Every line below should come back exactly as written, though the pictures stay out.

*** Opening of EXTRACTED DATA ***

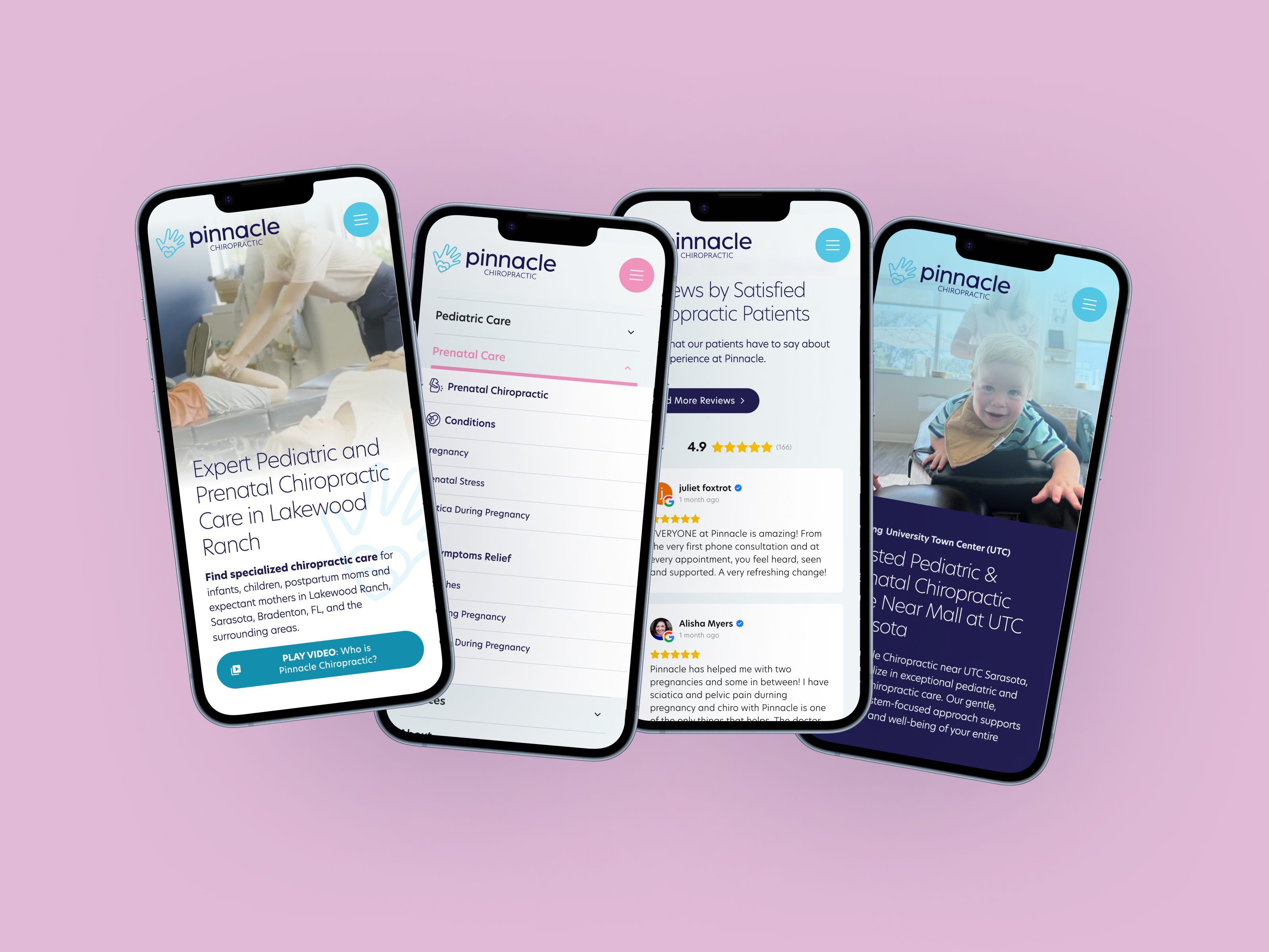 Pinnacle specializes in gentle, specific care for children and moms — so the website had to feel both professional and warm. We used soft visuals, clear typography, and a structured layout that guided people to answers fast.
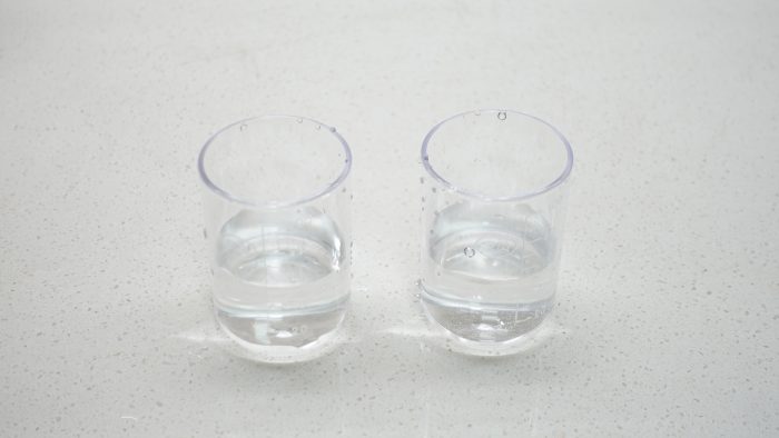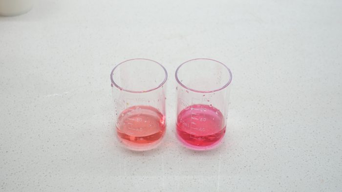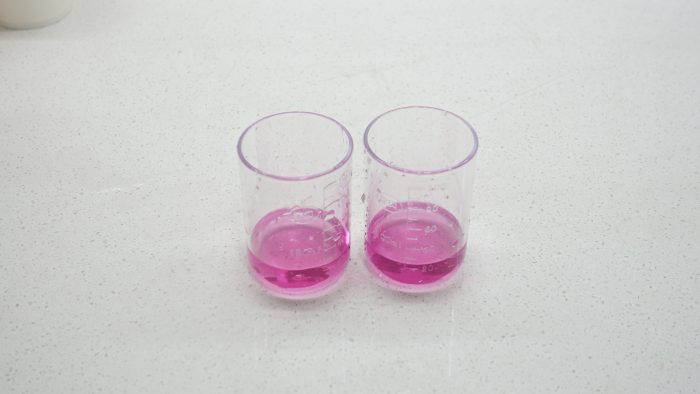第五项是钙镁离子检测,各取20ml自来水、纯净水,滴入一滴活性水试剂,两杯水都显示紫红色,表示水中含有钙镁离子,所以经过净水器过滤后的水并没有把钙镁离子过滤掉。
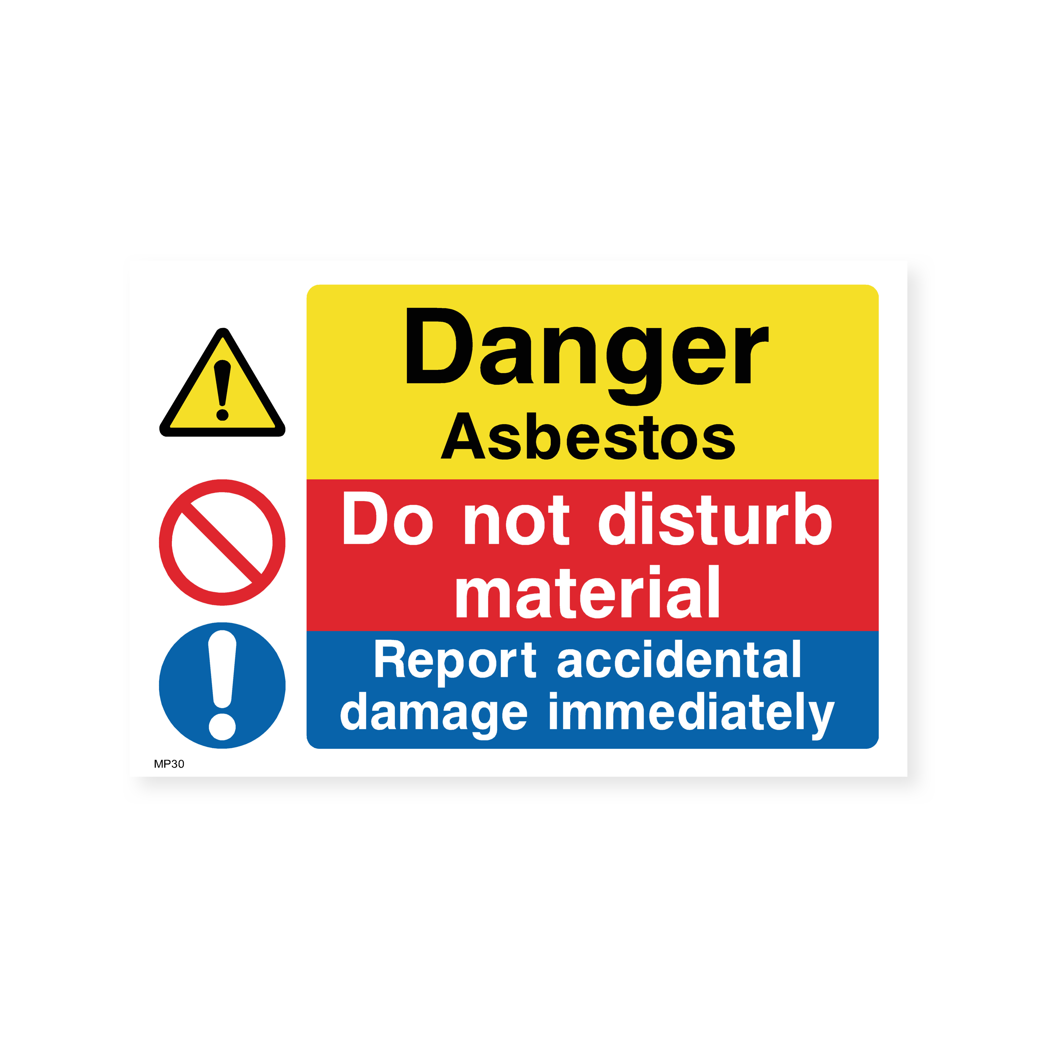 Prevent exposure to hazardous asbestos with this critical safety sign. It clearly warns against disturbing asbestos-containing materials and emphasizes the importance of reporting any accidental damage for prompt remediation. Ideal for construction sites, industrial facilities, and any environment where asbestos may be present.
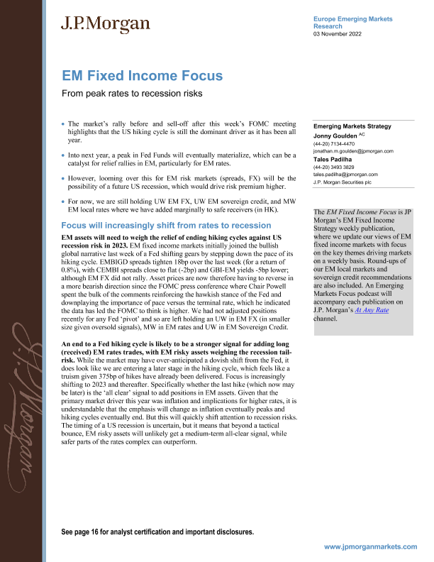 【J.P. Morgan】【20221103】EM Fixed Income Focus From peak rates to recession risks-20页
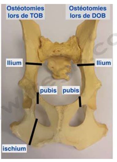 - La Triple Ostéotomie du Bassin (TOB): Elle consiste à modifier l’articulation de la hanche en changeant l’orientation de la partie rattachée au bassin (cavité articulaire du bassin appelée acétabulum).
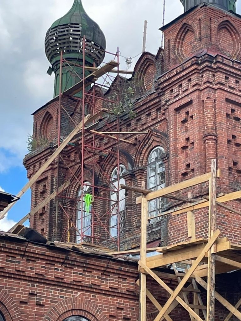 В с. Тортым Кезского района продолжаются работы по реставрации храма Покрова Пресвятой Богородицы. За неполный августовский месяц удалось отремонтировать стропильную систему. На данный момент идёт подготовка крыши к покрытию кровельным материалом, а затем запланирована реставрация большого центрального купола. Для этого уже возводятся леса. Большинство элементов конструкции купола прогнило и подлежит замене.
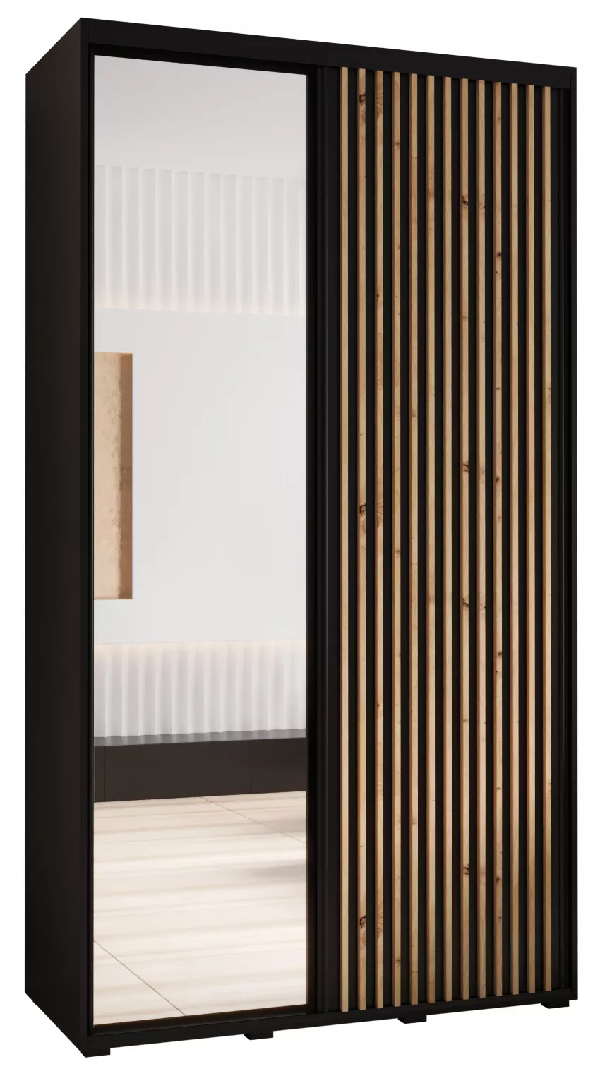Šatní skříň BAYLIN 2 - 130/45 cm, černá / černá / dub artisan
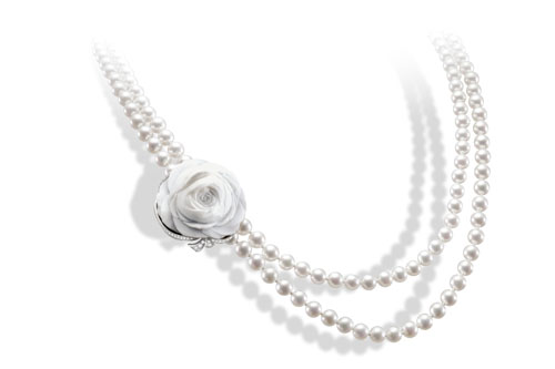 Akoya珍珠項鍊搭配一只玫瑰貝殼浮雕胸針,可與項鍊一同佩戴或單獨作為一件珠寶飾品。此外,精緻的玫瑰浮雕也是一對美麗的耳環中的唯一主角;而從寶璣經典Reine de Naples系列汲取靈感所設計的戒指,則為此件充滿溫潤美感的珠寶組成就最完美的一筆,此一精巧優雅的珠寶系列,是禮讚六月新娘的幸福獻禮。
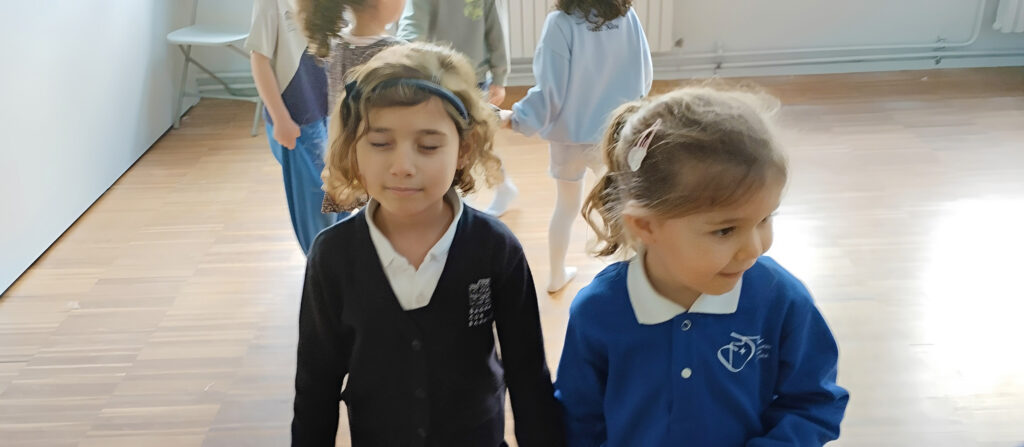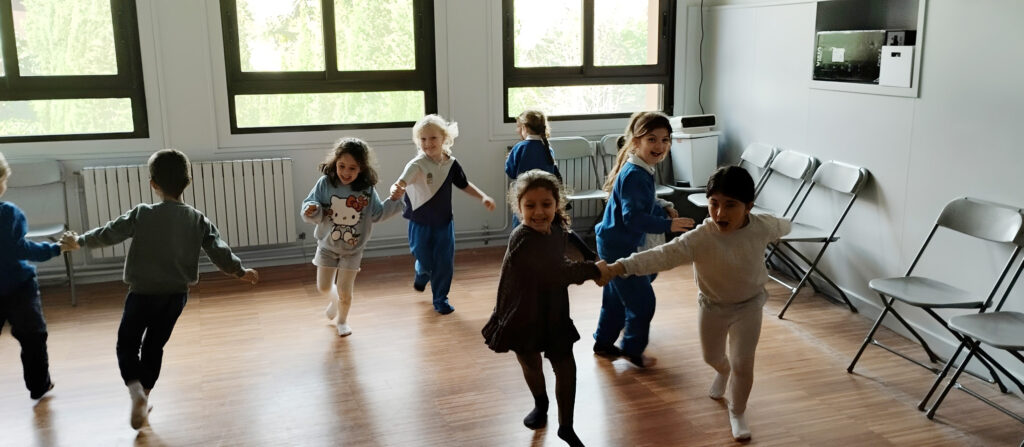 Cuando nuestros pequeños entran en el aula, se descalzan, se quitan la bata y comenzamos a jugar a alguna actividad que implique concentración, expresión corporal o coordinación. Es la fase que llamamos de calentamiento y que nos garantiza la predisposición al juego.
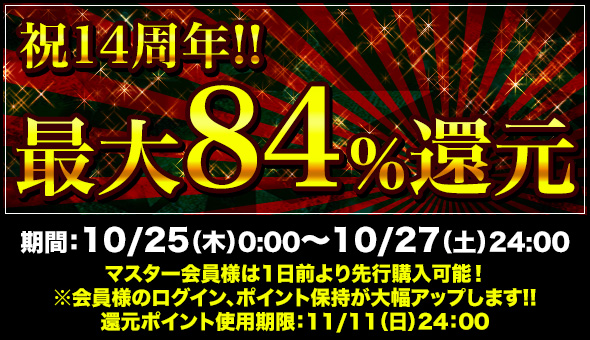 ※還元ポイントは14周年期間内にのみご使用頂けます。
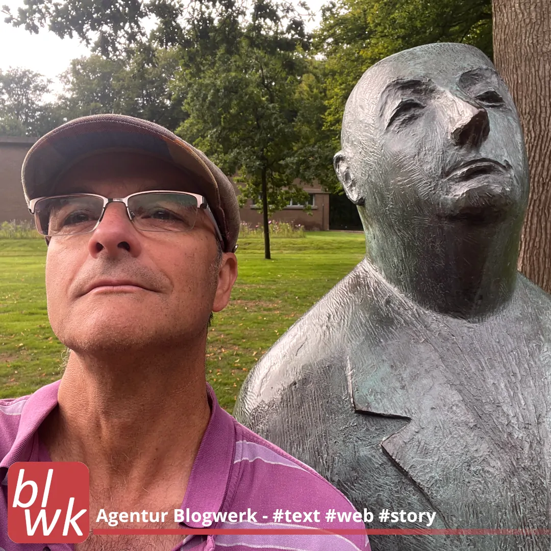 Das Blogwerk hatte Urlaub. Am Kröller-Museum in Otterloo begegnete ich Monsieur Jaques (Oswald Wenckenbach, 1956).
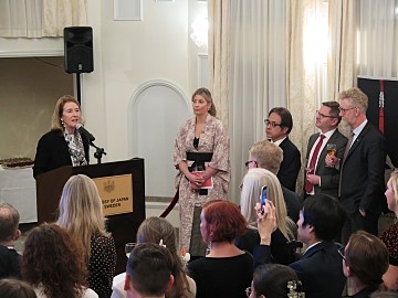 在スウェーデン日本国大使館は、昨年11月、フリーダ・ロンゲ氏がスウェーデン初の「日本食普及の親善大使」として任命されたことを記念し、3月2日、大使公邸にて任命祝賀レセプションを開催しました。
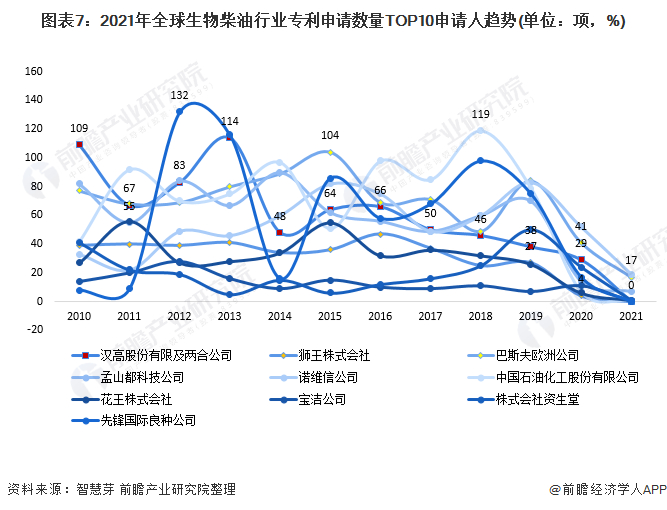 原标题:收藏!2021年全球生物柴油行业技术竞争格局(附区域申请分布、申请人排名、专利申请集中度等) 来源:前瞻产业研究院
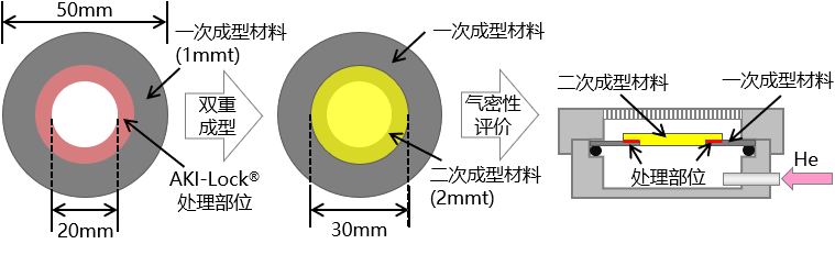 如下图所示,我们用AKI-Lock® 制作了二次成型品,并在施加热冲击的前后使用氦气(He)进行了气密性试验。
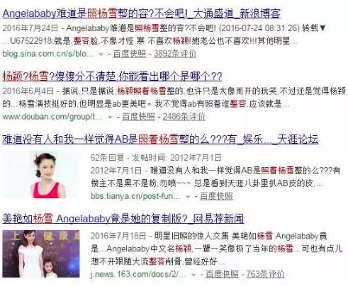 1980年的杨雪比杨颖大9岁,不少网友称她俩更像双胞胎姐妹。在网上看到一些言论,说Angelababy是照着杨雪来整的。不过后来发现,有的照片跟baby超级像,有的就不是很像,不过整体来讲还是很神似的。

*** Close of EXTRACTED DATA ***

*SOLUTION FOR THIS EXERCISE*
 Pinnacle specializes in gentle, specific care for children and moms — so the website had to feel both professional and warm. We used soft visuals, clear typography, and a structured layout that guided people to answers fast.
第五项是钙镁离子检测,各取20ml自来水、纯净水,滴入一滴活性水试剂,两杯水都显示紫红色,表示水中含有钙镁离子,所以经过净水器过滤后的水并没有把钙镁离子过滤掉。
 Prevent exposure to hazardous asbestos with this critical safety sign. It clearly warns against disturbing asbestos-containing materials and emphasizes the importance of reporting any accidental damage for prompt remediation. Ideal for construction sites, industrial facilities, and any environment where asbestos may be present.
 【J.P. Morgan】【20221103】EM Fixed Income Focus From peak rates to recession risks-20页
 - La Triple Ostéotomie du Bassin (TOB): Elle consiste à modifier l’articulation de la hanche en changeant l’orientation de la partie rattachée au bassin (cavité articulaire du bassin appelée acétabulum).
 В с. Тортым Кезского района продолжаются работы по реставрации храма Покрова Пресвятой Богородицы. За неполный августовский месяц удалось отремонтировать стропильную систему. На данный момент идёт подготовка крыши к покрытию кровельным материалом, а затем запланирована реставрация большого центрального купола. Для этого уже возводятся леса. Большинство элементов конструкции купола прогнило и подлежит замене.
Šatní skříň BAYLIN 2 - 130/45 cm, černá / černá / dub artisan
 Akoya珍珠項鍊搭配一只玫瑰貝殼浮雕胸針,可與項鍊一同佩戴或單獨作為一件珠寶飾品。此外,精緻的玫瑰浮雕也是一對美麗的耳環中的唯一主角;而從寶璣經典Reine de Naples系列汲取靈感所設計的戒指,則為此件充滿溫潤美感的珠寶組成就最完美的一筆,此一精巧優雅的珠寶系列,是禮讚六月新娘的幸福獻禮。
 Cuando nuestros pequeños entran en el aula, se descalzan, se quitan la bata y comenzamos a jugar a alguna actividad que implique concentración, expresión corporal o coordinación. Es la fase que llamamos de calentamiento y que nos garantiza la predisposición al juego.
 ※還元ポイントは14周年期間内にのみご使用頂けます。
 Das Blogwerk hatte Urlaub. Am Kröller-Museum in Otterloo begegnete ich Monsieur Jaques (Oswald Wenckenbach, 1956).
 在スウェーデン日本国大使館は、昨年11月、フリーダ・ロンゲ氏がスウェーデン初の「日本食普及の親善大使」として任命されたことを記念し、3月2日、大使公邸にて任命祝賀レセプションを開催しました。
 原标题:收藏!2021年全球生物柴油行业技术竞争格局(附区域申请分布、申请人排名、专利申请集中度等) 来源:前瞻产业研究院
 如下图所示,我们用AKI-Lock® 制作了二次成型品,并在施加热冲击的前后使用氦气(He)进行了气密性试验。
 1980年的杨雪比杨颖大9岁,不少网友称她俩更像双胞胎姐妹。在网上看到一些言论,说Angelababy是照着杨雪来整的。不过后来发现,有的照片跟baby超级像,有的就不是很像,不过整体来讲还是很神似的。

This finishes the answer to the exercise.